There is much doom and gloom in the media about robotics, automation and artificial intelligence stealing jobs, sending hundreds of thousands of workers onto the breadline while Skynet and the rest plot our ultimate downfall.
Fortunately, there is an alternative viewpoint. I was at an event last week where the issue of AI (and the data needed to drive it) was a prominent feature. The speaker in question, a prominent UK broadcaster, talked at length about the requirement for humans to set creative questions in order to make the most of the volume of data we as a society are now creating.
He quoted Dr Richard Oram – and the line has stayed with me ever since: “The room for creative questions using this resource (data) is mind blowing.”
The speaker (whom I am deliberately not naming) went on to argue that artificial intelligence and the like shouldn’t mean the traditional workforce is seen as a cost to be cut, but rather for humans to be more aspirational. Let the mundane be automated by machines, leaving humans to work on more complex tasks. In short, being creative.

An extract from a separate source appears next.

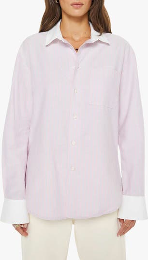Menswear-inspired shirting meets modern ease in this pinstriped button-up top cut in a relaxed silhouette with a contrast collar and elongated, flared cuffs.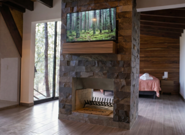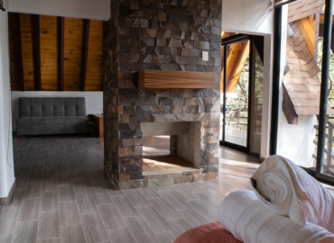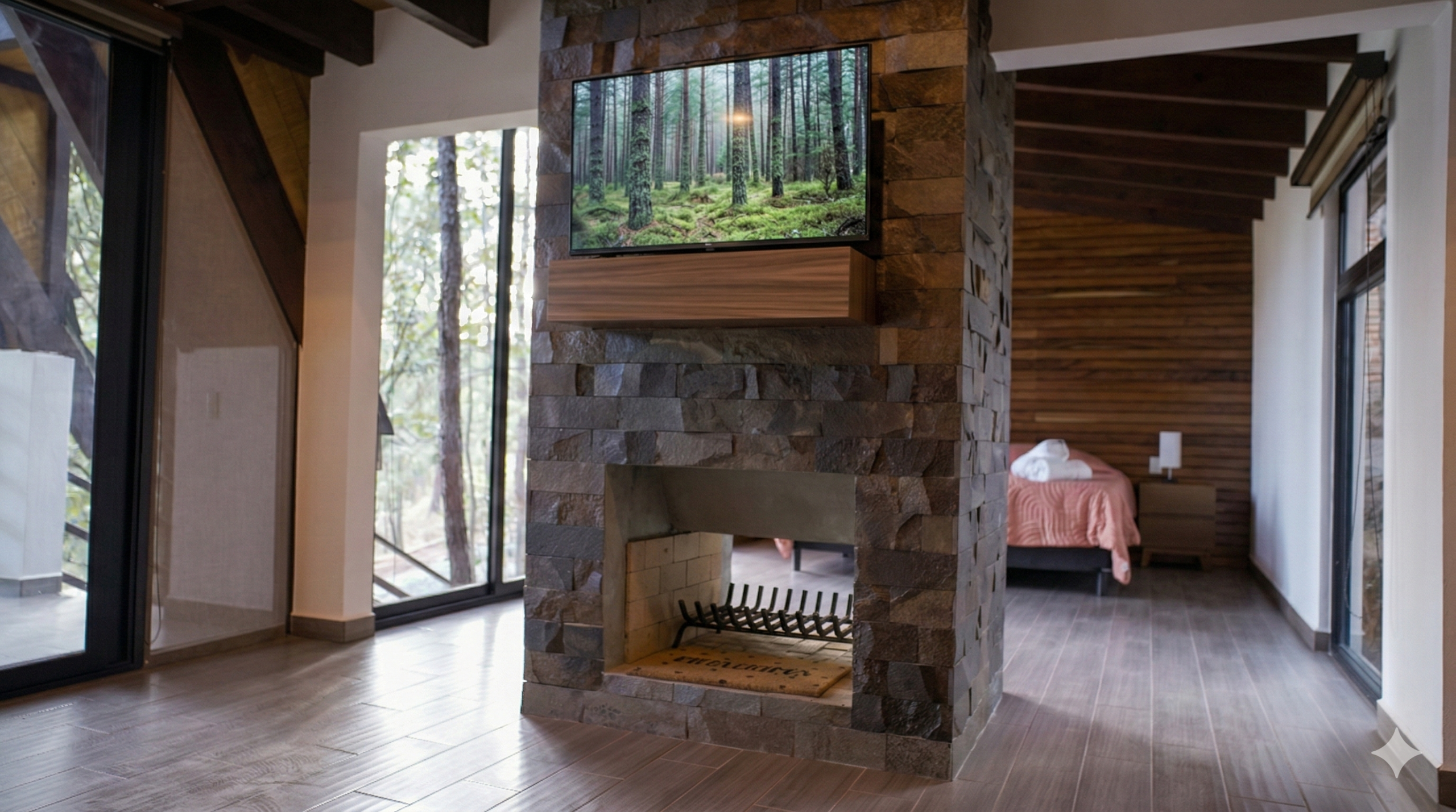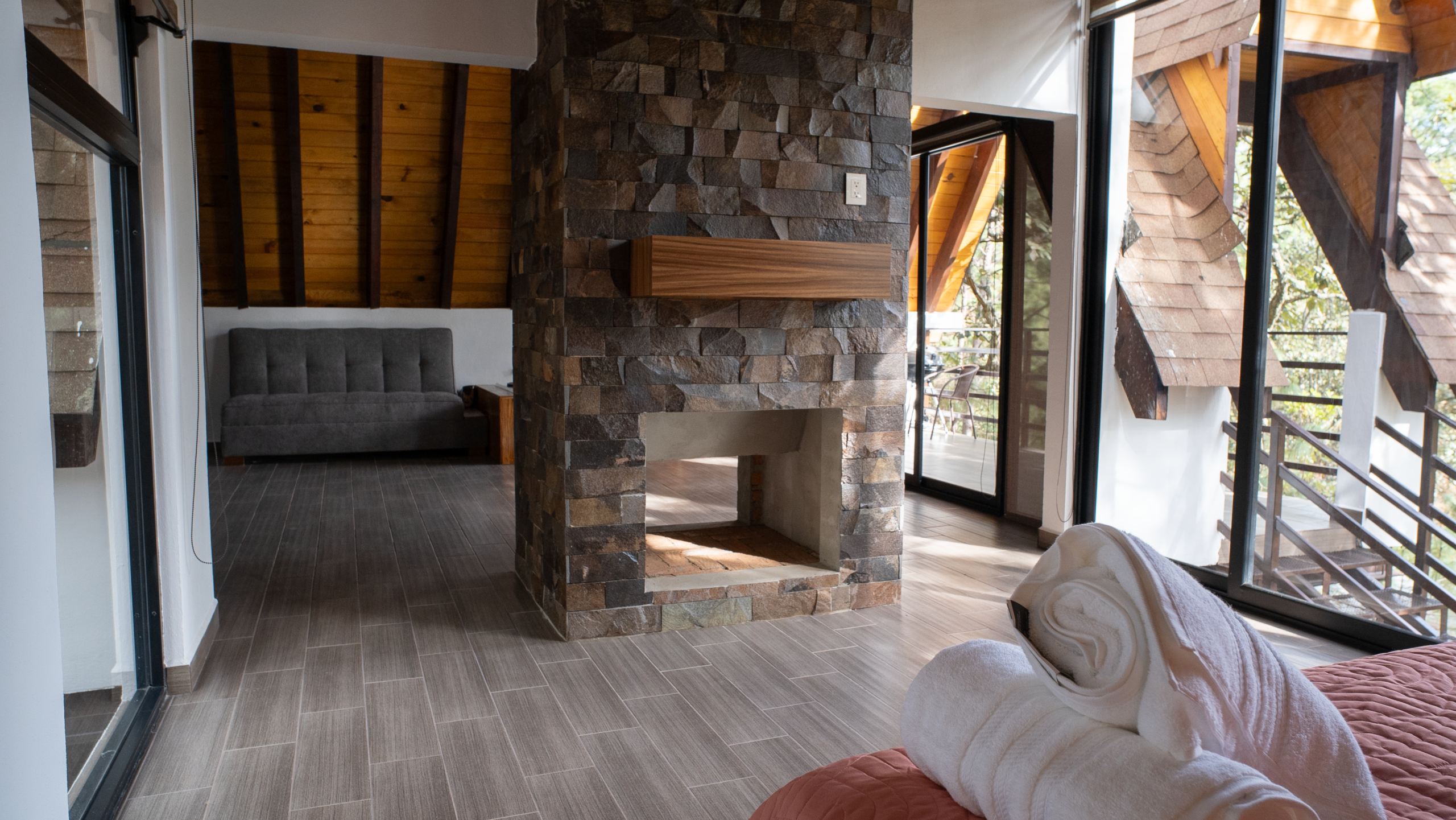 El protagonista indiscutible es el centro de la cabaña: una chimenea de leña tradicional y, justo enfrente, un jacuzzi interior. Es el lugar perfecto para relajarte con el fuego prendido, poner su serie favorita en la pantalla de 55″ (sí, hay Wi-Fi) y disfrutar de la vista increíble hacia la Sierra del Tigre sin pasar frío.

And I like that as a premise.
Rather than being fearful of data driven technology, we should be more trusting. Another stat that caught my eye was the trust we have in mobile technology. There are seven billion people on the planet, of which 2.5 billion have no bank account. However, there are more than 7 billion mobile phones.
Given we would all consider a bank account as fairly fundamental, it is amazing to consider that the humble phone is comfortably considered as more essential. Particularly in areas of Africa, where mobile banking is the norm and, in many cases, these areas are blazing a trail in connected finance.
I would like to see more positive stories on the impact these three mega trends will have on the workforce of tomorrow. Let’s hope someone is listening!